General Manager, Process Design & LNG Technology
16:00 - 16:30
Tuesday, 17 September 2019
T3.2 Every LNG Terminal Deserves a Good Engine
Growth in LNG usage is enabled by the implementation of small- and medium-scale LNG terminals. The feasibility limitations due to the capital and operational expenses of a standalone terminal can be overcome by combining and integrating with a gas engine power plant.
Large scale LNG terminals are big enough to be implemented as standalone, single-use installations. However, the feasibility of this concept for smaller terminals is hampered by the capex of standalone systems for boil off gas (BOG) handling, heating energy for regasification, and electric, safety, and control systems. The expected opex savings from having high quality and low maintenance terminals are not realised because the minimum standalone operation organisation is larger than should be technically required for the small installation.
New terminals rarely have a ready customer take-off, which leads to a chicken-and-egg situation as the terminal cannot be commissioned without customer demand or take-off, and customers do not want to convert or complete their gas systems until there is an operational terminal.
Integrating an internal combustion engine power plant to the LNG terminal can solve all of these problems.
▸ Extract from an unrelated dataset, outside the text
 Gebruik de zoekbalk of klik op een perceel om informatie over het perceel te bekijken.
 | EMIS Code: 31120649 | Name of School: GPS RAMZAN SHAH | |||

As the engines require 4-6 bar gas pressure, BOG is easily utilised in the engines. All gas venting from the total installation can be collected and utilised in the gas engines.
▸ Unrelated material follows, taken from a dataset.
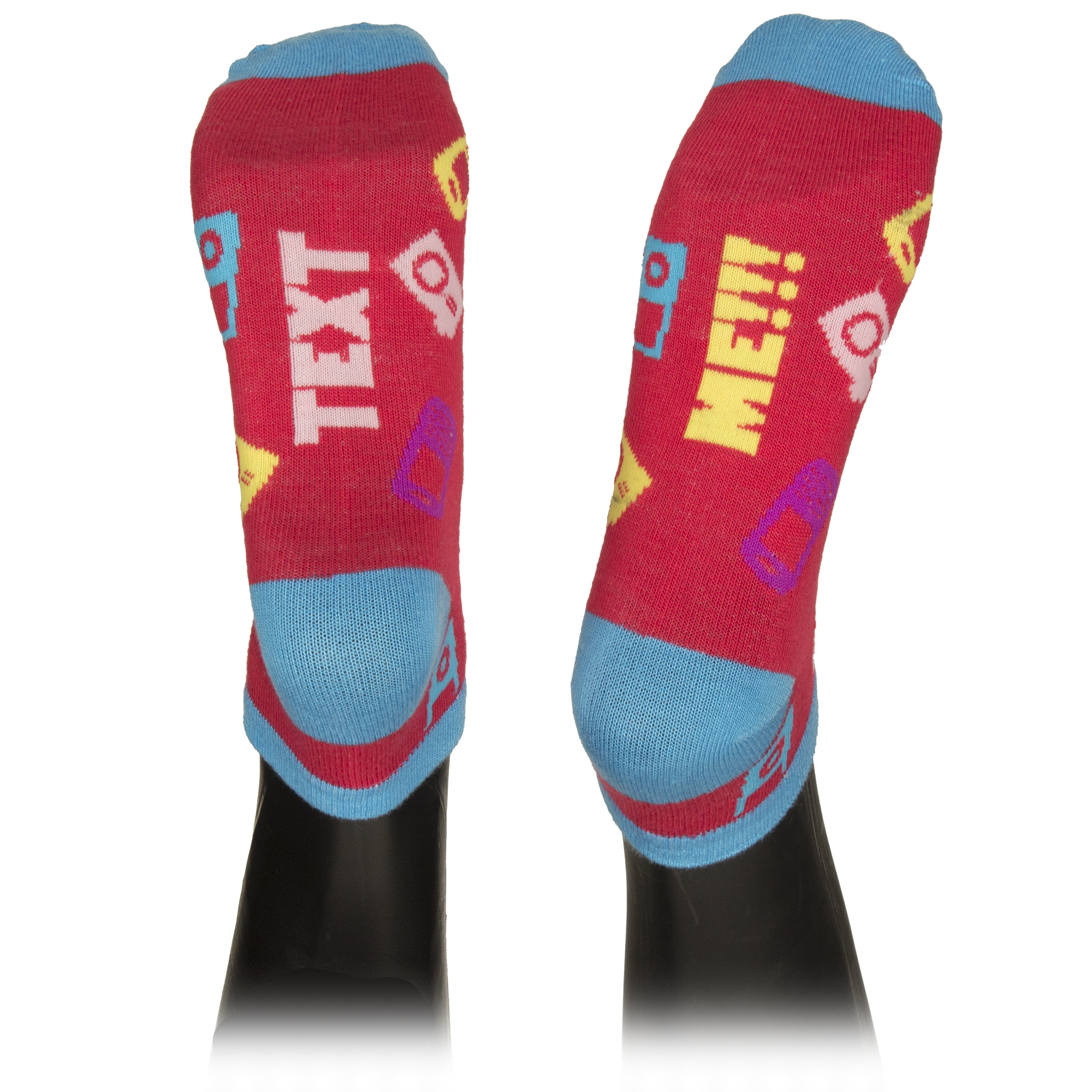 “TEXT ME!!!” scream socks covered in cameras and iPods.

The cooling water of gas engines is a perfect heat source for reagasification, while exhaust gas heat recovery enables large sendout to pipelines.
Combining the electrical, fire, safety, and control systems improves the overall system quality and reduces both capex and opex. The staffing needed for the combined power plant and terminal is slightly over half the total staffing needed for the separated terminal and power plant. The electric supply from the power plant is more reliable than from the grid.
Constructing the integrated terminal and power plant under a single contract achieves significant contracting and overhead savings. A co-ordinated schedule assures the terminal of power and heat supply and gas offtake when needed. The terminal has a core customer ready while the customer base is rapidly expanded after becoming operational.
There are challenges which can be overcome with good planning. The combined terminal must arrange an electrical supply contract and a gas supply contract. This increases the workload of the developer, but as power generation is a typical driver for LNG terminals, terminal developers are familiar with it. In some markets, a company might not be allowed to be involved in both electricity and gas supply. One solution is for separate companies to own the LNG and the power plant parts of the installation. The various interconnections, supplies and services between them can be modelled, measured, and invoiced, so that the entities are commercially independent while both benefit from the combination advantages.
These benefits and opportunities offer a new way ahead for small- and medium-scale LNG terminals, opening and speeding up the penetration of LNG into more widespread and smaller energy markets.